# Natural Language Processing (NLP) Process For Seinfeld Transcripts

This notebook will outline the process of cleaning, tokenizing, and vectorizing text transcripts of Seinfeld Season 5 Episodes. Source of transcripts: https://www.seinfeldscripts.com/seinfeld-scripts.html


In [1]:
#Import the NLTK library, tokenizer, and methods
import nltk
nltk.download('punkt')
from nltk import word_tokenize
from nltk import sent_tokenize

import pandas as pd
import numpy as np
from sklearn.manifold import TSNE

#Import visualization libraries
import matplotlib.pyplot as plt
%matplotlib inline
from mpl_toolkits.mplot3d import Axes3D

import re

[nltk_data] Downloading package punkt to /Users/Alex/nltk_data...
[nltk_data]   Package punkt is already up-to-date!


## Read The Files

In [2]:
seinfeld_directory = 'Seinfeld_Episodes/Season_5/'

seinfeld_season_5_episodes = ['S05_E01_The_Mango.txt', 'S05_E02_The_Puffy_Shirt.txt',
                              'S05_E03_The_Glasses.txt', 'S05_E04_The_Sniffing_Accountant.txt',
                              'S05_E05_The_Bris.txt', 'S05_E06_The_Lip_Reader.txt',
                              'S05_E07_The_Non_Fat_Yogurt.txt', 'S05_E08_The_Barber.txt',
                              'S05_E09_The_Masseuse.txt', 'S05_E10_The_Cigar_Store_Indian.txt',
                              'S05_E11_The_Conversion.txt', 'S05_E12_The_Stall.txt',
                              'S05_E13_The_Dinner_Party.txt', 'S05_E14_The_Marine_Biologist.txt',
                              'S05_E15_The_Pie.txt', 'S05_E16_The_Stand-In.txt',
                              'S05_E17_The_Wife.txt', 'S05_E18_The_Raincoats_Part_1.txt',
                              'S05_E19_The_Raincoats_Part_2.txt', 'S05_E20_The_Fire.txt',
                              'S05_E21_The_Hamptons.txt', 'S05_E22_The Opposite.txt']


In [3]:
with open(seinfeld_directory + seinfeld_season_5_episodes[1], 'r') as file:
    raw_text_episode_2 = file.read().replace('\n', ' ')
    #.replace('[','(').replace(']',')')

In [4]:
raw_text_episode_2[:1050]

"[Setting: Jerry's apartment] (Jerry and George are waiting for Kramer, so he can help them move George's stuff back into his parent's house) GEORGE: I can't believe this!
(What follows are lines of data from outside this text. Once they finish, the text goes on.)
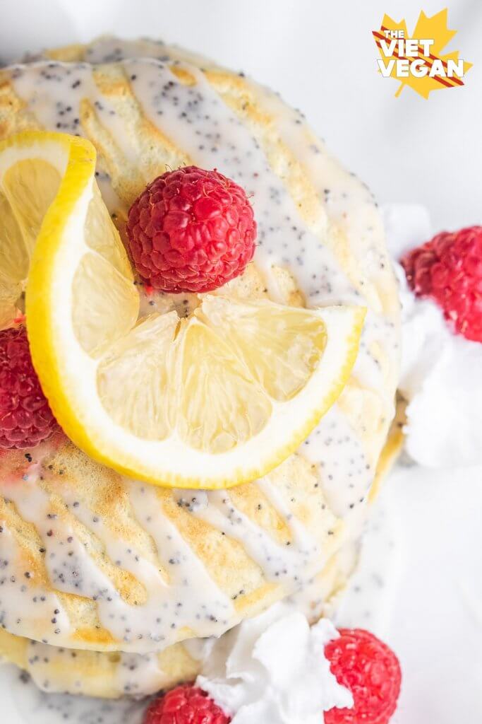 - Stack your pancakes, drizzle the syrup or the glaze over the pancakes and add vegan whipped cream and raspberries! Add a slice of lemon for garnish if desired.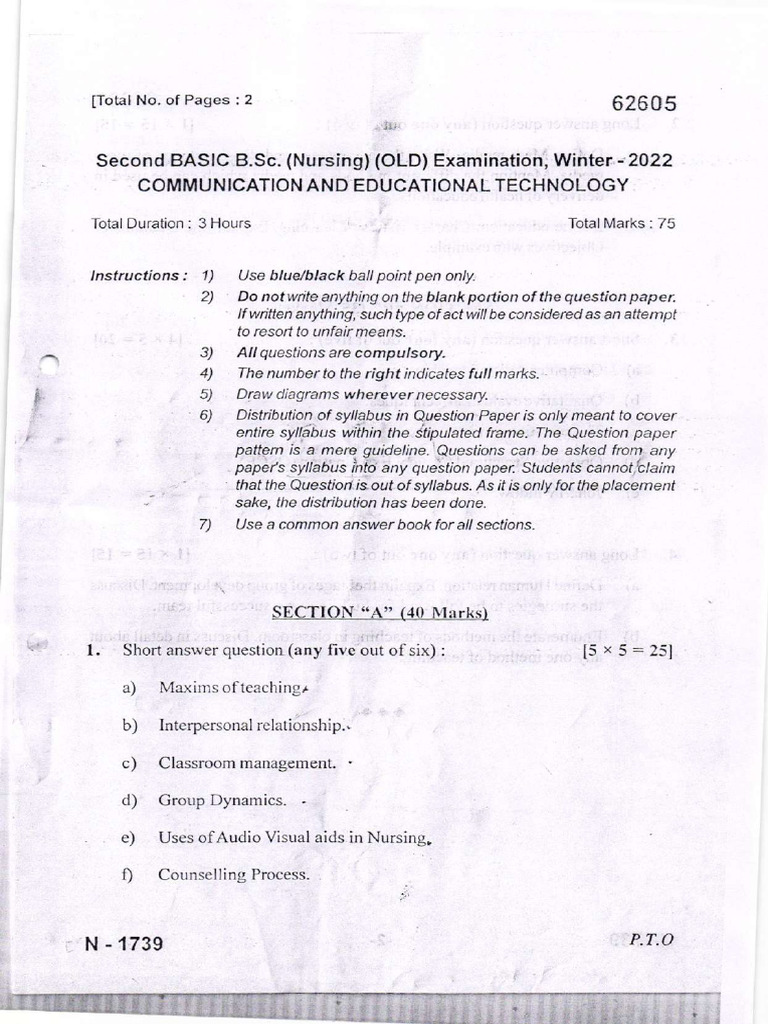 Second Basic B.Sc. Nursing Examination, (Phase - ll) Summer - 2022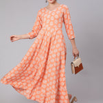 Peach Floral Printed Dress With Three Quarter Sleeves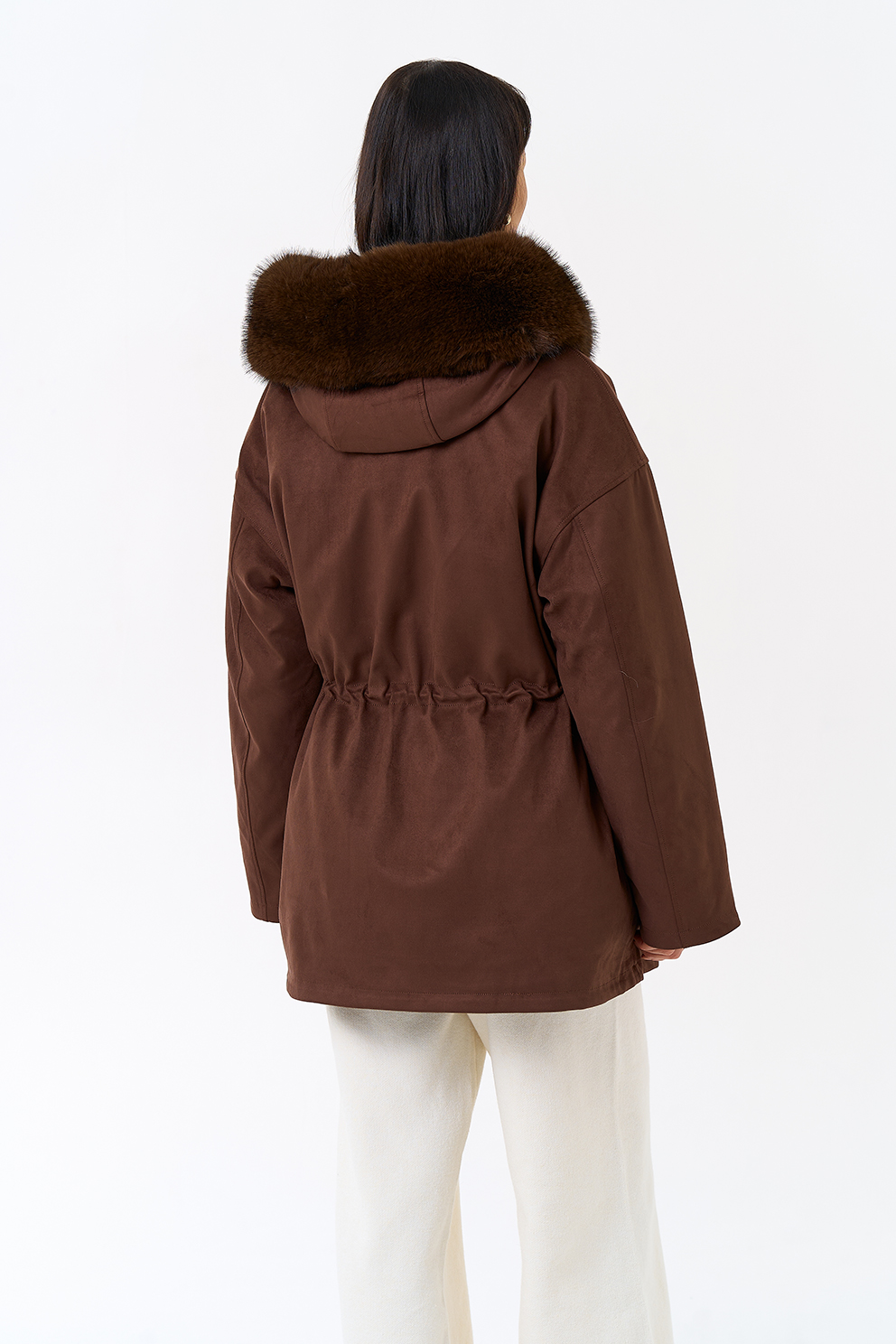 Отделка воротника - эко мех, цвет коричневый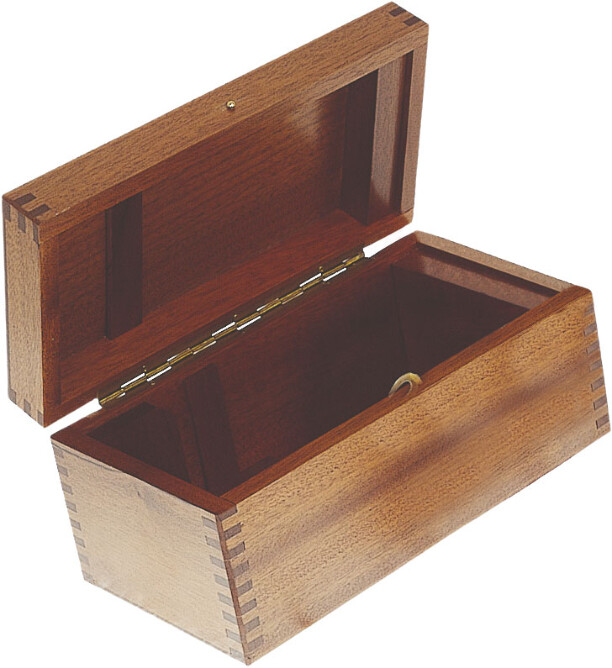 Lekker trekasse til oppbevaring og transport av Riviera Prizma peilekompass. Esken er pent utført med vakre fingerskjøter i hjørnene.

JERRY: Oh, it won't be for that long. GEORGE: How can I do this?! How can I move back in with those people? Please, tell me! They're insane! You know that. JERRY: Hey, my parents are just as crazy as your parents. GEORGE: How can you compare you parents to my parents?! JERRY: My father has never thrown anything out. Ever! GEORGE: My father wears his sneakers in the pool! Sneakers! JERRY: My mother has never set foot in a natural body of water. GEORGE: (Showing Jerry up) Listen carefully. My mother has never laughed. Ever. Not a giggle, not a chuckle, not a tee-hee.. never went 'Ha!' JERRY: A smirk? GEORGE: Maybe!.. And I'm moving back in there! JERRY: I told you I'd lend you the money for the rent. GEORGE: No, no, no, no. Borrowing money from a friend is like having sex. It just completely changes the relationship. (

## Cleaning The Text Data

#Step 1: Manual

In [6]:
def clean_text(raw_text):
    raw_text_quotes = re.sub("[\(\[].*?[\)\]]", "", raw_text)
    cleaned_text = []
    for word in raw_text_quotes.split(" "):
        if not ":" in word:
            for symbol in ".,?!'*":
                word = word.replace(symbol, '').lower()
            #Checks for blank elements
            if word:
                cleaned_text.append(word)

    return cleaned_text

In [7]:
clean_text_episode_2 = clean_text(raw_text_episode_2)
' '.join(clean_text_episode_2[:200])

'i cant believe this oh it wont be for that long how can i do this how can i move back in with those people please tell me theyre insane you know that hey my parents are just as crazy as your parents how can you compare you parents to my parents my father has never thrown anything out ever my father wears his sneakers in the pool sneakers my mother has never set foot in a natural body of water listen carefully my mother has never laughed ever not a giggle not a chuckle not a tee-hee never went ha a smirk maybe and im moving back in there i told you id lend you the money for the rent no no no no borrowing money from a friend is like having sex it just completely changes the relationship alright im ready you know i still dont understand - why do you want to move back in with your parents i dont want to im outta money i got 714 dollars left in the bank well move in here whats that why doesnt he just move in here yeah yeah im gonna move in with him he doesnt even'

In [8]:
for i in seinfeld_season_5_episodes:
    
    with open(seinfeld_directory + i, 'r') as file:
        raw_text_episode = file.read().replace('\n', ' ')
    
    print(i + ' ' + str(type(raw_text_episode)) + '\n')
    
    clean_text_episode = clean_text(raw_text_episode)
    print(' '.join(clean_text_episode[:200]) + '\n')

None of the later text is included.